Slavery is not a thing of the past: it still exists today

To mark the International Day for the Abolition of Slavery this year, UNSW Sydney reflects on its role in eliminating this issue which currently affects more than 40 million people worldwide.

Wednesday 2 December marks the International Day for the Abolition of Slavery. While slavery may feel like a thing of the past, it still exists today and is often found in the supply chains which bring everyday items to our homes and businesses.

As part of UNSW’s ongoing commitment to minimise modern slavery, a group of students has explored the topic to find out what we really know about it. The results are both thought provoking and informative.

WIL video
Watch the video here.


“Universities and their students are important protagonists in the fight to reduce modern slavery,” said Professor Justine Nolan, UNSW Faculty of Law. “It is a problem that is both local and global. And it is a problem on a massive scale. Generating greater awareness about the issue is a critical first step to making more substantive changes to our purchasing patterns.”

Laws and obligations

In 2018 the Australian Government passed the Modern Slavery Act 2018, which requires that entities based, or operating, in Australia, which have an annual consolidated revenue of more than $100 million, to report annually on the risks of modern slavery in their operations and supply chains, and actions to address those risks.

As part of its response to obligations under the Act, and as an expression of its commitment to human rights and the creation of a just and equal society, the University has published its Modern Slavery Prevention Policy. The Policy sets out the principles to address and minimise modern slavery risks.
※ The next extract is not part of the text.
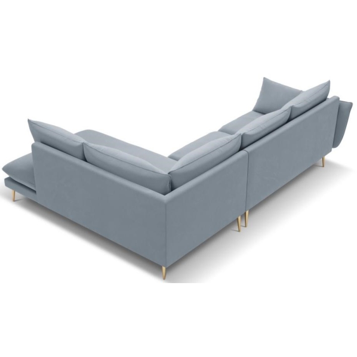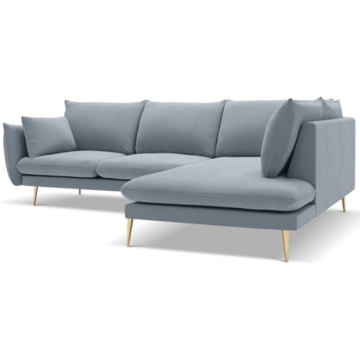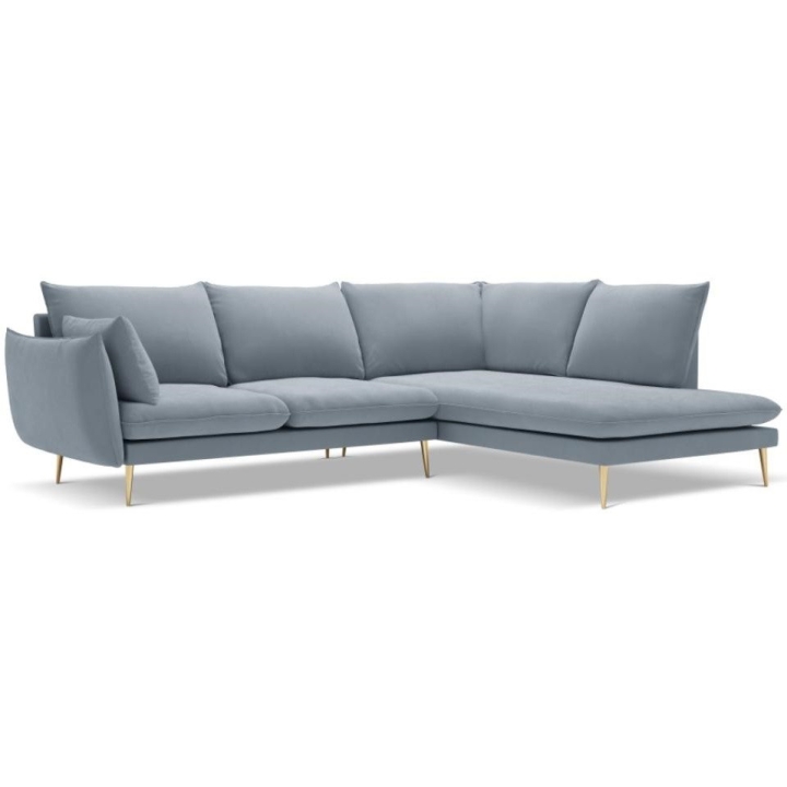 The 6-seater Elio corner sofa by manufacturer Milo Casa is a piece of furniture that measures: 251 cm wide, 95 cm high, 185 cm deep, which is characterised by its extreme comfort. The corner sofa is available in 8 colours: Light Beige, Light Blue, Dark Blue, Royal Blue, Light Grey, Dark Grey, Black and Bottle Green, so it will suit any type of interior. The seat filling is made from a combination of highly elastic polyurethane foam and oatmeal just like the back filling. The furniture was upholstered with velvet, which ensures the highest comfort of rest, and is also extremely resistant to abrasion. The high quality materials used in the production of the furniture make the corner sofa characterised by great strength and durability. The furniture is set on high, metal legs, and their colour depends on the customer's taste (choice of gold or black). The lounger can be manufactured on the left or on the right, so you can better adapt the furniture to your home.

To promote awareness of modern slavery (as detailed in section 2.4 of the policy), Associate Professor Leanne Piggott, Academic Director of Work Integrated Learning (WIL) Central, developed a Term 3 WIL placement opportunity to develop a multimedia Modern Slavery Prevention Toolkit.
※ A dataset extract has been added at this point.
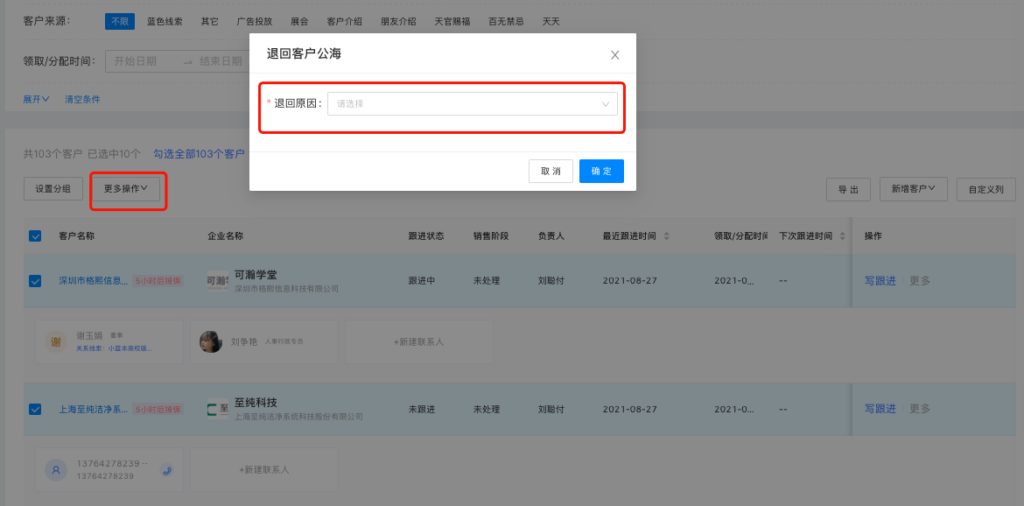 勾选客户,点击【更多操作】,选择【退回公海】,在弹窗中选择要退回公海的原因,即可退回公海。

“The aim of the WIL placement was to work with students as partners to develop education resources that would speak directly to the UNSW community,” said Associate Professor Piggott.

“Students from Law, Arts & Social Sciences, and Art & Design came together to work in interdisciplinary teams and created five artefacts: an interactive campus map, an animation, a poster campaign, social media infographics, and a video. These were aimed at educating students, staff, and our wider stakeholders on modern slavery issues and how we will work together to combat these in accordance with the new UNSW Modern Slavery Prevention Policy”.

To learn more about the project and the materials developed by the WIL students, visit the WIL website.

Further work undertaken this year

In addition to the WIL project and UNSW’s commitment to breaking the chain of modern slavery, the following work has also been undertaken:

  • Compliance owners have been assigned across the University, working to review and implement robust due diligence systems across our supply chains and all our operations including Human Resources, Estate Management, Finance, IT, Research, Academic and Student Life.
  • Senior leadership teams have been briefed by the Compliance Unit and undertaken formal training conducted by the Legal Office.
  • The Strategic Procurement team has significantly progressed actions to minimise and address our risks in supply chains by implementing a Supplier Charter, introducing modern slavery clauses within all of the contract templates, direct engagement with key suppliers on their risks, and ongoing development of resources, such as templates for tenders.

Elektra Woodrow, Compliance Unit UNSW Legal Office, said, “The University’s approach emphasises the importance of educating people and working collaboratively with our community, including staff, students, suppliers and other organisations. It empowers creativity and multi-fronted action – from the staff-student WIL placement and Strategic Procurement’s supplier engagement pilot to all the heads of business looking at our operational risks – which magnifies our impact.”